The following is taken from $\textit{Module Theory An Approach to Linear Algebra}$ By: T.S.Blyth
$\color{Green}{Background:}$
$\textbf{Theorem 3.9:}$ $\textbf{[The four lemma]}$ Suppose that the diagram of $R-$modules and $R-$morphisms:
$$\begin{array}{ccccccccc} A & \xrightarrow{f} & B & \xrightarrow{g} & C \xrightarrow{h} & D \\ \big\downarrow\alpha & & \big\downarrow\beta & & \big\downarrow \gamma & \big\downarrow \delta & \\ A' & \xrightarrow{f'}& B' & \xrightarrow{g'} & C' \xrightarrow{h'} & D'\end{array}$$
is commutative and has exact rows. Then we have
$(1)$ if $\alpha, \gamma$ are epimorphisms and $\delta$ is a monomorphism then $\beta$ is an epimorphism
$(2)$ If $\alpha$ is an epimorphism and $\beta, \delta$ are monomorphisms then $\gamma$ is a monomorphism
$\textit{Proof.}$ $(1)$ Let $b'\in B'.$ Since $\gamma$ is surjective there exists $c\in C$ such that $g'(b')=\gamma(c).$ By the commutativeity of the right-hand square we then have $\delta[h(c)]=h'[\gamma(c)]=h'[g'(b')]=0,$ since $h'\circ g'=0.$ Thus:
$\color{Red}{Questions:}$
I have a quick question about the partial proof of the Theorem above. The line
"$\delta[h(c)]=h'[\gamma(c)]=h'[g'(b')]=0$ since $h'\circ g'=0$".
What is the reason that we can conclude
"$\delta[h(c)]=h'[\gamma(c)]=h'[g'(b')]=0,$"?
Is it because
$(1)$ Commutativity of the square
$(2)$ Commutativity of the square and that $\delta$ is a epimorphism, and hence the string of equalities allow for the map $D\xrightarrow{\delta}D'$ to be extended to the zero morphism $D'\to 0$ in order to make it exact, so that $\delta\circ h=0$ and in turn $h'\circ g'=0?$
Thank you in advance
It is too much back and forth in the comments. The answer to the original question is commutativity of the right square and exactness at $C'$, but the question now seems to be what exactness means.
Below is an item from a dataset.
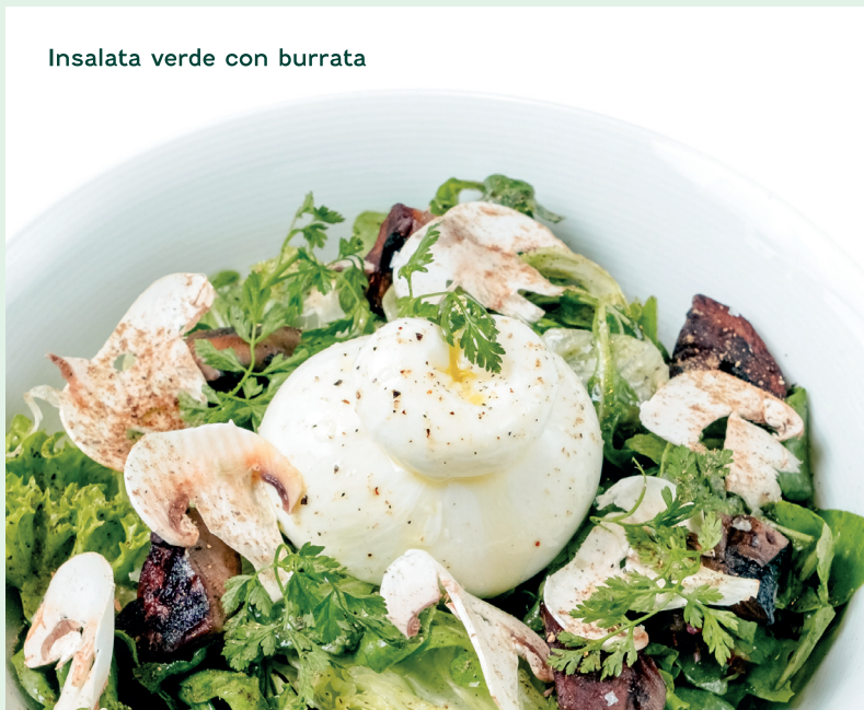
Insalata verde con burrata

ledový salát, hořčičný dresink, marinované kuřecí stripsy, pražená pancetta, červená cibule, cherry rajčata, ředkvičky, okurky a vařené vejce iceberg lettuce, mustard dressing, marinated chicken strips, roasted pancetta, red onion, cherry tomatoes, radishes, cucumber and boiled egg (3, 10)

Given a sequence of abelian groups or $R$-modules (this can be more general):
$A\xrightarrow{f}B\xrightarrow{g}C\space$ (this can be part of a longer sequence including an infinite one)
the sequence is exact at $B$ if $Im\space f = Ker\space g$.
$Im\space f \subseteq Ker\space g$ is equivalent to $g\circ f =0$.
$Ker\space g \subseteq Im \space f$ means that any element sent to $0$ by $g$ comes from some element in $A$ via $f$.
$A$ or $C$ being $0$ are special cases where $g$ is injective and $f$ is surjective, respectively.
That's it and the link to Wikipedia in the first comment includes this and more.